▸ **Work item**: Print every record below exactly as it stands, but leave out the pictures.

▸ **Records drawn from a dataset**:
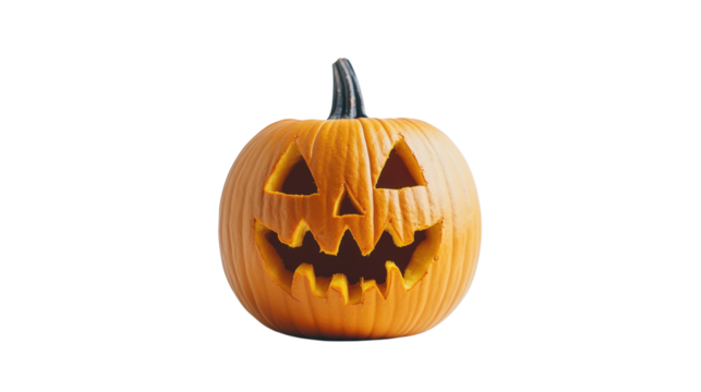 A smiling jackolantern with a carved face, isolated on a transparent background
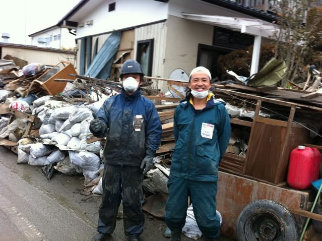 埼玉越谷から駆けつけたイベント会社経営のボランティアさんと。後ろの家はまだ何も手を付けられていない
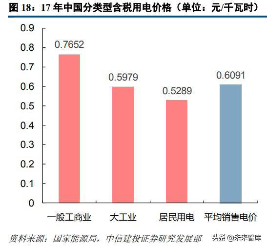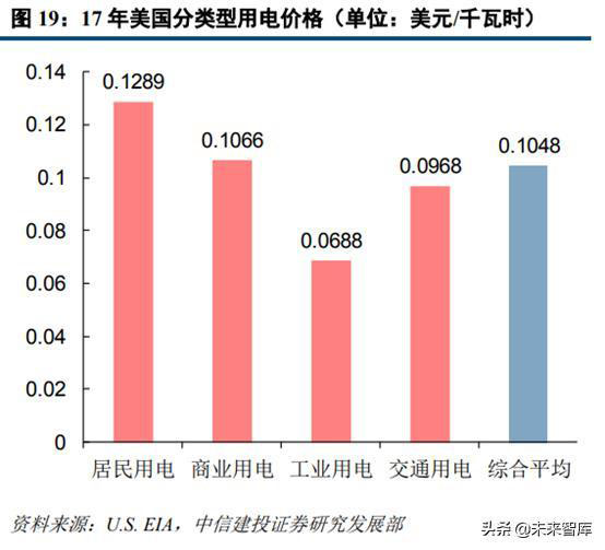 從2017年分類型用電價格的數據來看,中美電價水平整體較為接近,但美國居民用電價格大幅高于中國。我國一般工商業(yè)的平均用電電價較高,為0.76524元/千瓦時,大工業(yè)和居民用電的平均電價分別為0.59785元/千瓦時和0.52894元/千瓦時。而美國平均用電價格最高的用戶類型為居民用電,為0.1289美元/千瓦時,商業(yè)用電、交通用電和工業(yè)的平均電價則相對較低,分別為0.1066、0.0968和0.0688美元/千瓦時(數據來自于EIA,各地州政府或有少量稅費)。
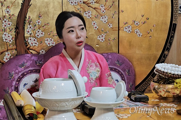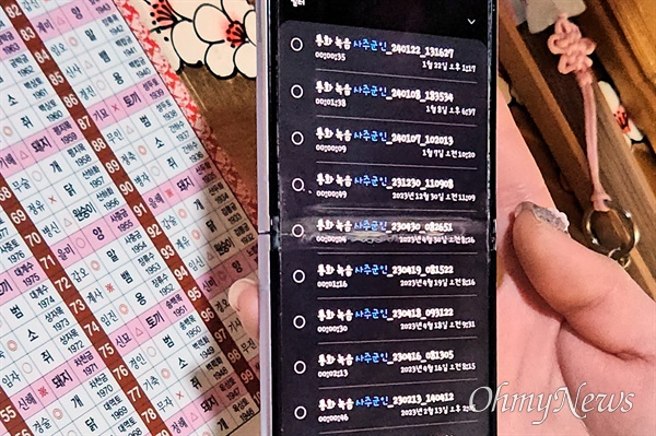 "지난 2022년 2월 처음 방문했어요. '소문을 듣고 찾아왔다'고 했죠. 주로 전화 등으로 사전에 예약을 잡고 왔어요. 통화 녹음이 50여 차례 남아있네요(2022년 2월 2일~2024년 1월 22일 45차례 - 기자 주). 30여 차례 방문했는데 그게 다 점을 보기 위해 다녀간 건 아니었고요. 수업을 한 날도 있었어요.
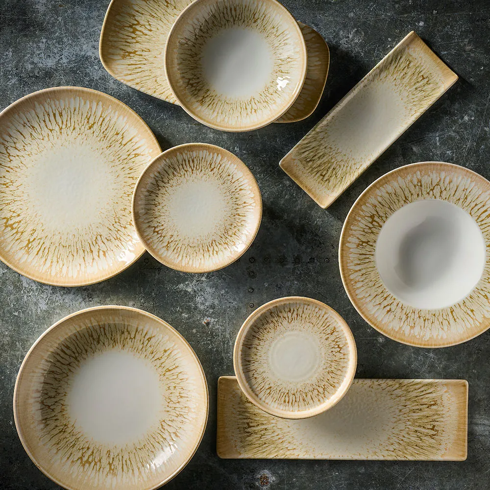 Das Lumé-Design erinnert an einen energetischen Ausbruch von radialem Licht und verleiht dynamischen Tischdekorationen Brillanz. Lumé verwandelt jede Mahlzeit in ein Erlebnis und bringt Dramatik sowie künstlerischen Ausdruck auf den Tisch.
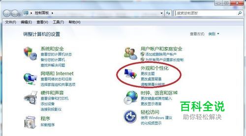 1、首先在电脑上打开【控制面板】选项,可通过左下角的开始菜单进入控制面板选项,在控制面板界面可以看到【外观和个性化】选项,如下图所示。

▸ **Response to this exercise**:
 A smiling jackolantern with a carved face, isolated on a transparent background
 埼玉越谷から駆けつけたイベント会社経営のボランティアさんと。後ろの家はまだ何も手を付けられていない
 從2017年分類型用電價格的數據來看,中美電價水平整體較為接近,但美國居民用電價格大幅高于中國。我國一般工商業(yè)的平均用電電價較高,為0.76524元/千瓦時,大工業(yè)和居民用電的平均電價分別為0.59785元/千瓦時和0.52894元/千瓦時。而美國平均用電價格最高的用戶類型為居民用電,為0.1289美元/千瓦時,商業(yè)用電、交通用電和工業(yè)的平均電價則相對較低,分別為0.1066、0.0968和0.0688美元/千瓦時(數據來自于EIA,各地州政府或有少量稅費)。
 "지난 2022년 2월 처음 방문했어요. '소문을 듣고 찾아왔다'고 했죠. 주로 전화 등으로 사전에 예약을 잡고 왔어요. 통화 녹음이 50여 차례 남아있네요(2022년 2월 2일~2024년 1월 22일 45차례 - 기자 주). 30여 차례 방문했는데 그게 다 점을 보기 위해 다녀간 건 아니었고요. 수업을 한 날도 있었어요.
 Das Lumé-Design erinnert an einen energetischen Ausbruch von radialem Licht und verleiht dynamischen Tischdekorationen Brillanz. Lumé verwandelt jede Mahlzeit in ein Erlebnis und bringt Dramatik sowie künstlerischen Ausdruck auf den Tisch.
 1、首先在电脑上打开【控制面板】选项,可通过左下角的开始菜单进入控制面板选项,在控制面板界面可以看到【外观和个性化】选项,如下图所示。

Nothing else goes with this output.